Semi-quantitative analysis for immunofluorescent staining

We adopted a previously published and validated semi-quantitative method to analyze immunofluorescent stained images.28,30 Briefly, we used ImageJ software (National Institutes of Health, Bethesda, Maryland, USA) to measure the fluorescent signal area for each single channel slide on the spheroid cross section. The fluorescent signal area was divided by the total area of the spheroid to determine the ‘covered area’ percentage for each antibody staining on the spheroid (N = 3).

Statistical Methods

Differences between experimental groups were analyzed using an independent student T-test and one-way ANOVA followed by Tukey’s post-hoc test.
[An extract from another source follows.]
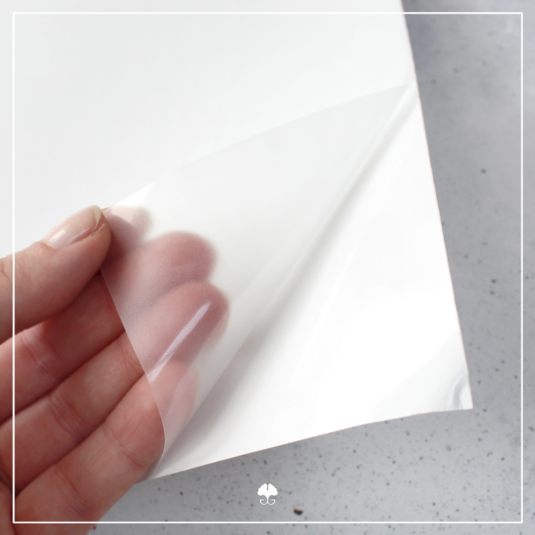 Vinylfolie kommt generell mit einem Papierträger. Das heißt, du hast eine stumpfe, weiße Rückseite bei deiner Folie. Das Trägerpapier hat auch in den meisten Fällen ein Kästchenmuster auf der Rückseite. Löst du eine Ecke etwas, ist es zwar auf der anderen Seite beschichtet, aber klebt selbst nicht. Dafür tut dies deine Folie.

P<0.05 was considered significantly different for all statistical tests.

Results

Spheroid formation and effect of spheroid diameter on cellular viability and functionality

Human fibroblasts in a 3D scaffold-free spheroid system were successfully formed and cultured. They synthesized and deposited an abundant amount of ECM proteins such as collagen-1 after 7 days culture (Fig. 1 A-E) to facilitate cellular assembly into spherical microtissue (spheroids) in vitro. In addition, the immunofluorescent staining of an apoptosis marker (Caspase-3) on cross-sections of the spheroid revealed that high-level viability of fibroblasts was observed for the spheroids with diameter less than 300 μm (Fig. 1 A-C) while significant cell apoptosis (Fig. 1 D-F) was induced in spheroids with a larger size (≥400 μm in diameter) due to progressive hypoxia in the core. Thus, we focused on spheroids with a diameter less than 300 μm in the following experiments.

figure 1.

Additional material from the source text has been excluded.